However, what Autier et al. actually purport to present is the aetiologic fraction for VHD (i.e. all valvular heart disease, not just that associated with prior drug use), thus conflating these two entities, one of which (DI-VHD) is a modest subset of the other (VHD). This dataset is obviously not suited to the estimation of the aetologic fraction of VHD attributable to benfluorex, and additional considerations, including the lack of adjustment for any confounding factors, lack of matching between benfluorex and control groups, and lack of consideration of any other causes of VHD (such as degenerative disease, cardiomyopathy, ischaemic heart disease and infection) further undermine any attempts to derive such a figure in this way. Indeed, Tribouilloy et al. quite appropriately do not use the control group in any statistical sense, but merely to validate the reliability of DI-VHD diagnosis in the benfluorex-exposed group, as they indicate in their own response to these calculations. In conclusion, Autier et al.'s statement that "trying to identify the minority of patients in which VHD would not be due to benfluorex use is illusory" (1) cannot in any way be justified by their calculations, or indeed represent a meaningful interpretation of currently available published data (2).
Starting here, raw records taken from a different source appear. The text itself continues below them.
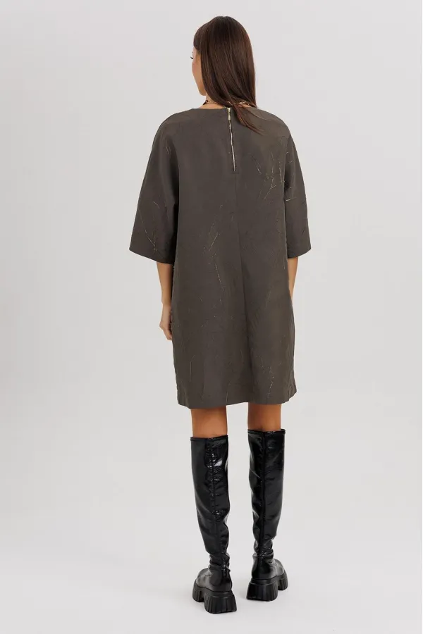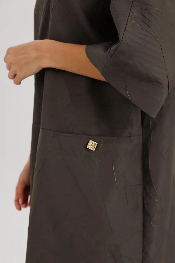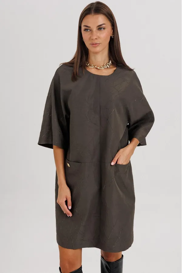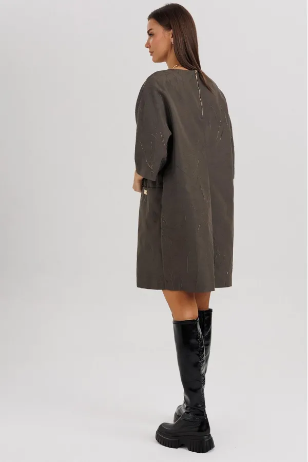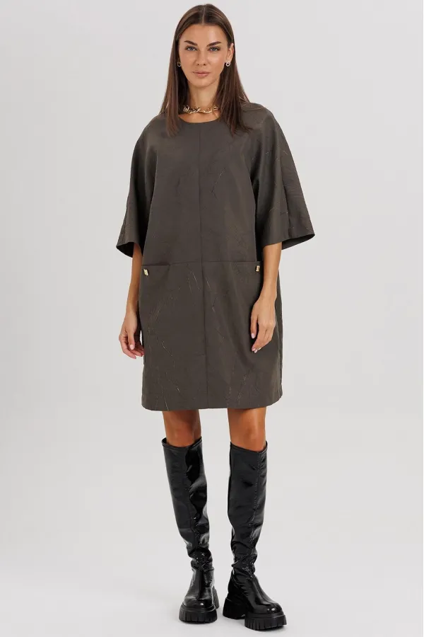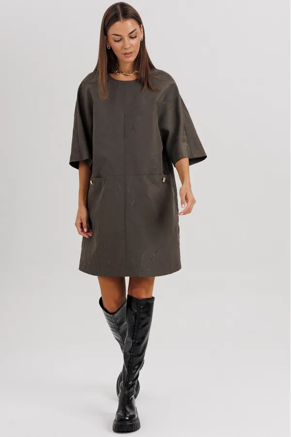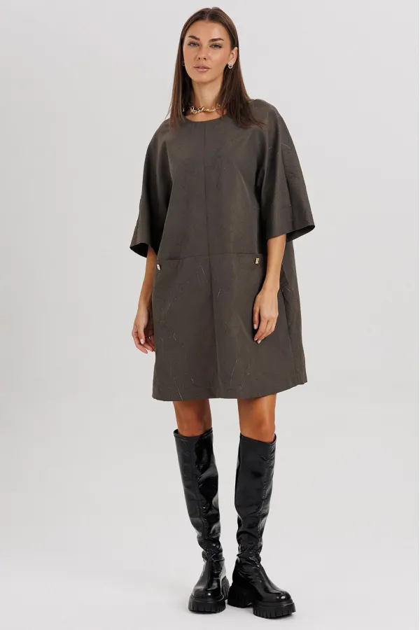 Платье имеет декоративные металлические элементы у линии карманов, что придает образу современный акцент. Универсальная длина до колена позволяет сочетать модель как с высокими сапогами, так и с ботильонами или обувью на плоской подошве.
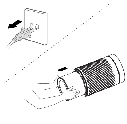 - Unplug the appliance, and take out the HEPA-filter.
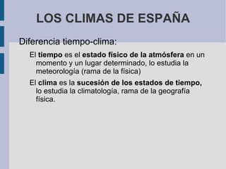 El documento describe los climas de España. Menciona que el clima se refiere a la sucesión del tiempo en un lugar, y es estudiado por la climatología. Luego describe los elementos del clima como la insolación, temperatura, humedad y precipitaciones, y explica cómo estos varían en diferentes regiones de España debido a factores geográficos como la latitud, proximidad al mar y relieve. Finalmente, analiza los tipos de masas de aire y frentes que afectan el clima español.
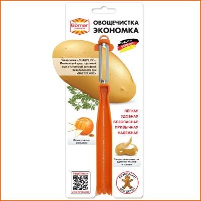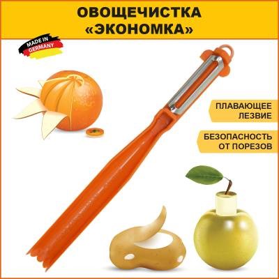 Нож-овощечистка модели "Экономка" - это незаменимый удобный прибор традиционной и привычной формы, который идеально тонко и легко чистит овощи и фрукты благодаря плавающему лезвию, имеющему двустороннюю заточку под правую и под левую руку. Кроме того, заводом применён принцип системы активной безопасности от порезов "SAFE-BLADE" и этим ножом может пользоваться даже ребёнок. Лёгкая, компактная овощечистка благодаря особенностям конструкции ручки может удалять сердцевину яблока и чистить апельсин.
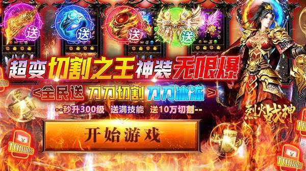 《烈火战神》(超变切割之王)携刀刀冰冻、刀刀999万切割超爽革新上线!开局送全套终极技能,全民免费送刀刀冰冻,再送刀刀10万切割,更有唯一切割装备刀刀切割+999万! 独家巨制,高清画质,超高爆率,上线秒升300级,散人真正零起步,满地装备刀刀爆! 装备全靠打,全自由交易,极限满攻速,超多独家神器,最爽传奇邀您零充体验!

1) Philippe Autier, Mathiu Boniol, Peter Boyle. Estimation of amounts of valvular heart diseases attributable to benfluorex. Eur Heart J published online November 8, 2013

2) Christophe Tribouilloy, Sylvestre Marechaux, Yannick Jobic, Antoine Jeu, Stephane Ederhy, Erwan Donal, Patricia Reant, Elise Arnalsteen, Jacques Boulanger, Thierry Garban, Pierre-Vladimir Ennezat, Michel Andrejak, and Dan Rusinaru. Frequency of drug-induced valvular heart disease in patients previously exposd to benfluorex: a multicentre prospective study. Eur Heart J (2013) 34 (46): 3580-3587 first published online September 6, 2013

3) Weill A, Paita M, Tuppin P, et al. Benfluorex and valvular heart disease: a cohort study of a million people with diabetes mellitus. Pharmacoepidemiol Drug Saf 2010;19:1256-62.

Conflict of Interest:

CC has received honoraria/ research funding from P and G, Alliance for Better Bone Health, Sanofi-Aventis, Schering Plough, MSD, Eli Lilly, Shire, Servier and Amgen. AJ has received honoraria/ research funding from Anthera, Servier and Roche. NH has received honoraria/ research funding from P and G, Alliance for Better Bone Health, Sanofi-Aventis, Schering Plough, MSD, Eli Lilly, Shire, Servier and Amgen.

We gratefully thank Dr Autier and colleagues for this interesting approach. Indeed, only one (0.26%) diabetic patient not exposed to benfluorex was classified as DI-VHD (+) in our study based on a blind reading of echocardiograms compared with 23 patients (5.6%) in the group of diabetic patients exposed to benfluorex; hence, these data indicate that this echocardiographic aspect is highly specific of exposure to benfluorex. Therefore one excepts the aetiologic fraction (AF) of VHD due to benfluorex in the present cohort to be very high as calculated by Dr Autier and colleagues. In addition, the agreement between readers for the diagnosis of DI-VHD was very good using this approach (Kappa value 0.83), indicating the robustness of this echocardiographic classification.

Conflict of Interest:

None declared

In their controlled study on 835 patients who took benfluorex (BF, Mediator ?), C Tribouilloy and Colleagues show the influence of long-term use of this drug on valvular heart disease (VHD) ¹ . The study has several merits like the blinding of ultrasound readers who were unaware of past BF use of patients and a standardized protocol for ultrasound examination. However the availability of a control group of diabetic patients who never took BF could have allowed more informative statistical analysis. More specifically, it is possible to estimate the probability that among patients with VHD who used BF, the VHD would be due to BF use.? This statistical quantity is called the aetiologic fraction (AF) or "attributable fraction percents" ^2,3 . Calculation of an AF can be done from knowledge of the risk of VHD in diabetic patients who used BF (n=412) as compared to diabetic patients who never used BF (n=376). To this end we re-organized data provided in Tribouilloy et al ¹ so that one can compare past use of BF among patients with and without VHD (Table 1). The risk of VHD associated with BF use can be calculated as an odds ratio (OR), i.e., [(23*366)/(1*371)] = 22.7, meaning that BF use is associated with a 22.7 increased risk of VHD. The AF can be calculated as [(22.7-1)/22.7] = 0.956, meaning that among patients with VHD who took BF there are 95.6% chance that VHD was actually due to BF use. If the lower bound of the 95% confidence interval is considered, then the AF is 70%. These computed odds ratios are not adjusted for confounders like smoking or gender. However, the magnitude of the association is such that adjustments are unlikely to materially change the fact that the vast majority of VHD are associated with BF use. Moreover, diabetes caries an increased risk of cardiovascular diseases in general, so the AF we calculated may in fact be underestimated.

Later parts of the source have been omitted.